Rep. William Straus of Mattapoisett said his first priority this session is developing a revenue package with money dedicated for transportation along with a list of spending priorities for the future. He said lawmakers don’t like to increase taxes, so the revenue option chosen will be “the one people hate the least.”

“For me,” he said, “it’s hard to see the kind of revenue in the kinds of numbers we’re talking – hundreds of millions of dollars – that isn’t built at least as a core component of a gas tax change.” He said raising the gas tax is efficient and relatively straightforward, with each penny increase in the tax raising $35 million a year.

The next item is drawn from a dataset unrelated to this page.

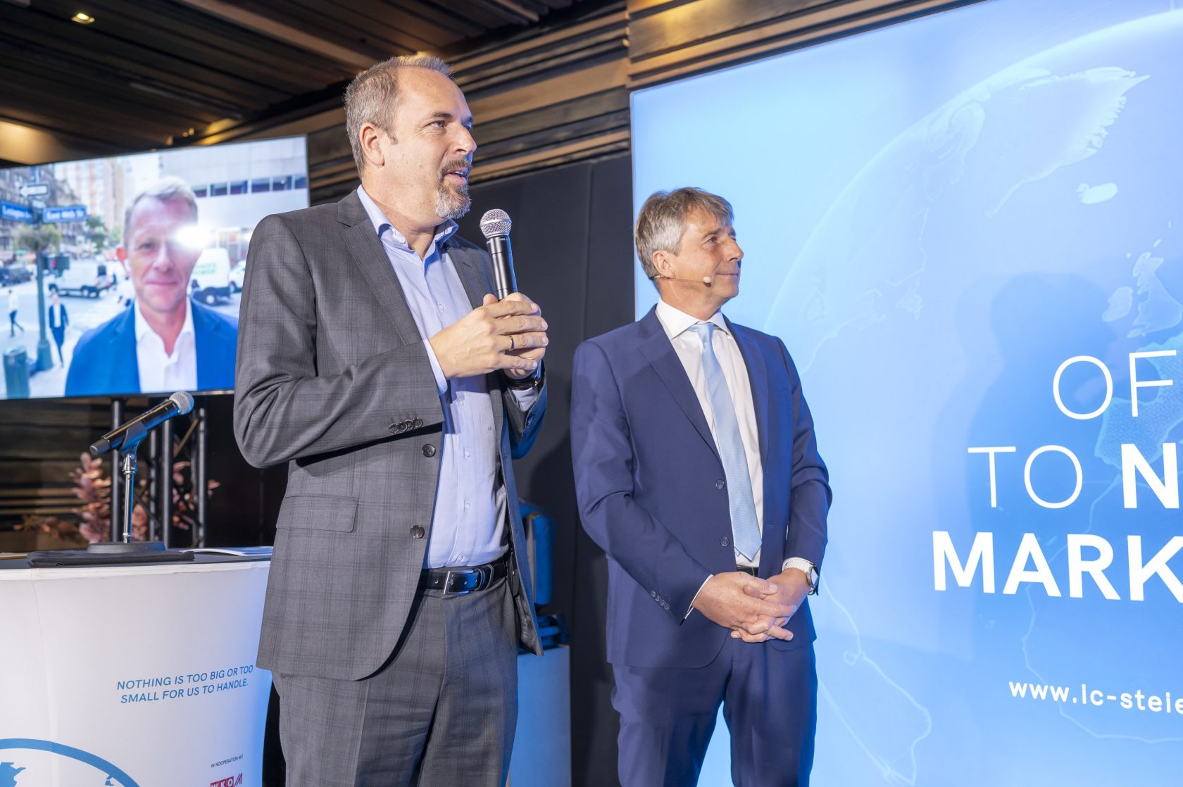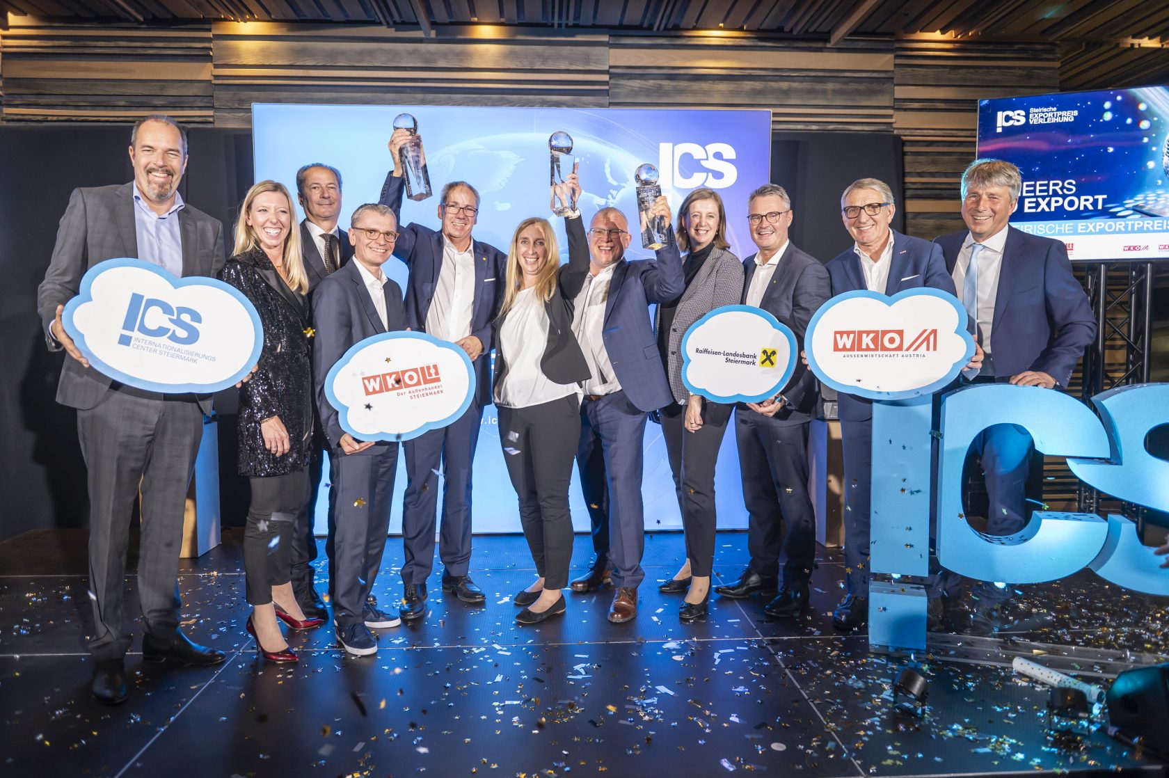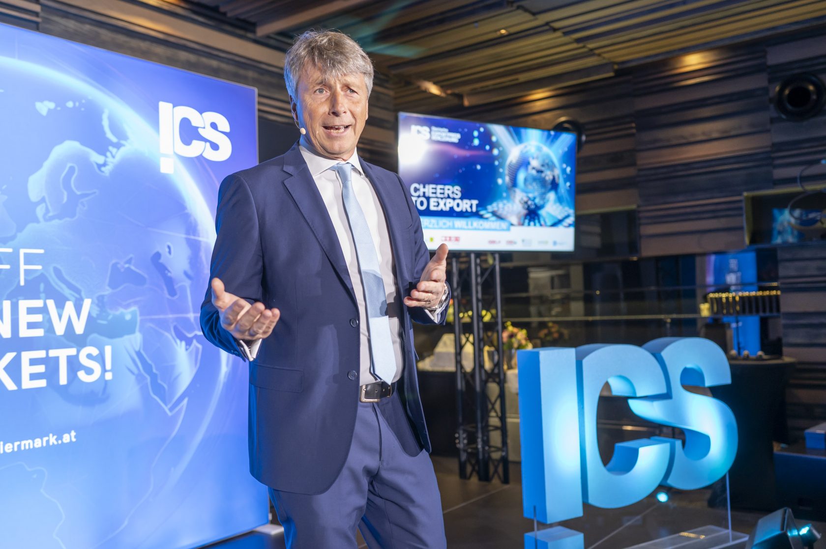 ICS-Geschäftsführer Karl Hartleb begrüßte gemeinsam mit Prokuristin Daniela Guß neben steirischen Top-Unternehmer:innen und ehemaligen Exportpreissieger:innen weitere namhafte Gäste, darunter Wirtschaftslandesrätin Barbara Eibinger-Miedl, WKO-Steiermark Präsident Josef Herk, IV-Steiermark Präsident Kurt Maier, ICS-Aufsichtsratsvorsitzender Jürgen Roth, ORF-Korrespondent Christian Wehrschütz, Vorstandsdirektor der Raiffeisen-Landesbank Steiermark Rainer Stelzer und Christoph Kovacic, Obmann-Stellvertreter des Landesgremiums des Außenhandel der WKO Steiermark.
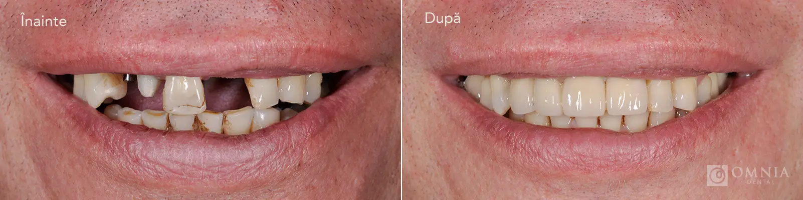 Pacientul prezenta mai multe spații edentate și dinți afectați. Tratamentul a inclus inserarea implanturilor dentare și realizarea coroanelor protetice pe implanturi și pe dinții naturali.

Sen. Joseph Boncore of Winthrop offered up an almost direct response to the governor, who said last week that “I don’t believe that raising taxes is the answer to this problem at this point in time. I think the answer is to pursue the strategies that we’ve proposed, which as I said is the largest investment the Commonwealth has made in any five-year period outside of the Big Dig.”

“I think money is the answer,” said Boncore, who called the 3 cent increase in the gas tax approved in 2013 insufficient. The Legislature in 2013 also indexed the gas tax, allowing it to rise with inflation, but that part of the law was repealed as part of a referendum campaign backed by Baker.

Boncore said the state needed to be bolder in 2013. “We’re seeing a system now that’s failing because of a lack of investment back then. So I think it’s crucial and incumbent on us to make the investment now,” he said.

The senator also said the Legislature cannot go with just the most palatable revenue option. “I hope there’s more than one answer here,” he said.  “We need a multipronged approach.”

Boncore said everything is on the table, including new taxes, user fees, new tolls, and congestion tolling.  “Our roads are a public use in the Commonwealth. They’re well underpriced, creating a shortage in them. And simple economics says when there’s a shortage of a good we run out of it and that’s clearly what’s happened. We’ve run out of road,” he said. “By pricing our roads accordingly we can use our roads more efficiently.”

The governor has said additional revenue isn’t needed for the MBTA because the transit authority will have a hard time spending the $8 billion in capital funds he has set aside. Straus doesn’t buy that argument. “If that’s a way of saying I need more staff resources, tell us that,” the representative said.

Straus noted the Baker administration has disclosed in government filings that state spending on roads and bridges is not sufficient to keep them in a state of good repair. If that’s the case, he said, the Baker administration by its own admission needs to spend more.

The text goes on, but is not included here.